Output all of the data exactly, keeping any images out of the copy.

START SUPPLIED MATERIAL

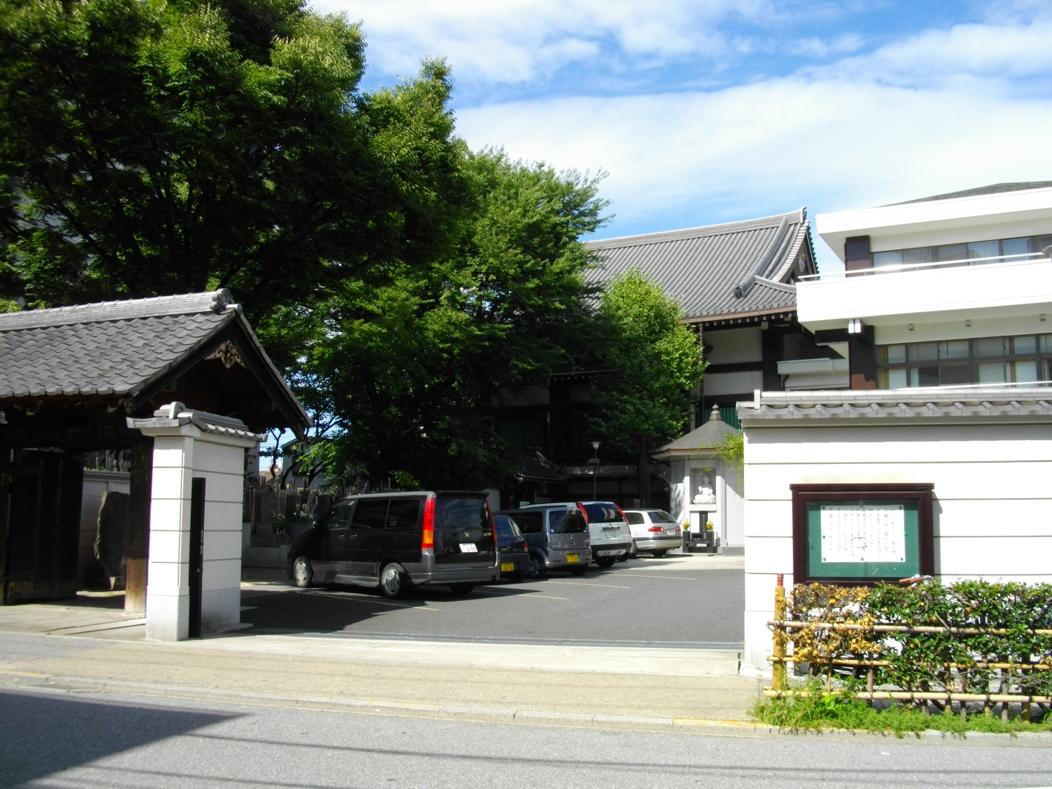 Jokan-ji
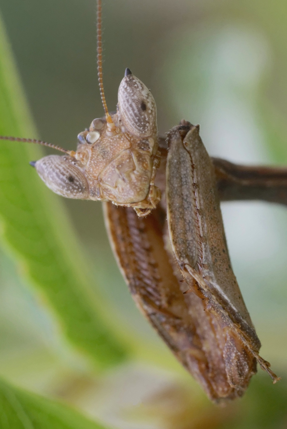 View from above on a male Dead Leaf Mantis, probably Acanthops fuscifolia
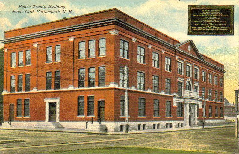 Peace Treaty Building, Portsmouth Navy Yard, Kittery, Maine; from a 1912 postcard. Built as the General Stores Building (now Building 86).
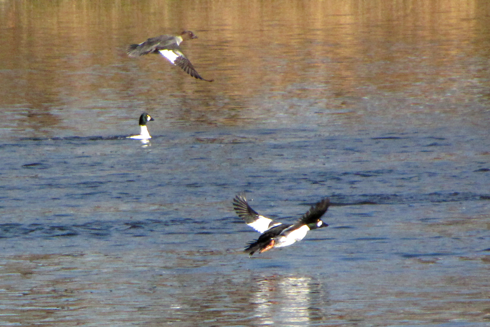 Common Goldeneyes (Bucephala clangula), in flight, Rideau River, Ottawa, Ontario

END SUPPLIED MATERIAL

EXERCISE RESPONSE:
 Jokan-ji
 View from above on a male Dead Leaf Mantis, probably Acanthops fuscifolia
 Peace Treaty Building, Portsmouth Navy Yard, Kittery, Maine; from a 1912 postcard. Built as the General Stores Building (now Building 86).
 Common Goldeneyes (Bucephala clangula), in flight, Rideau River, Ottawa, Ontario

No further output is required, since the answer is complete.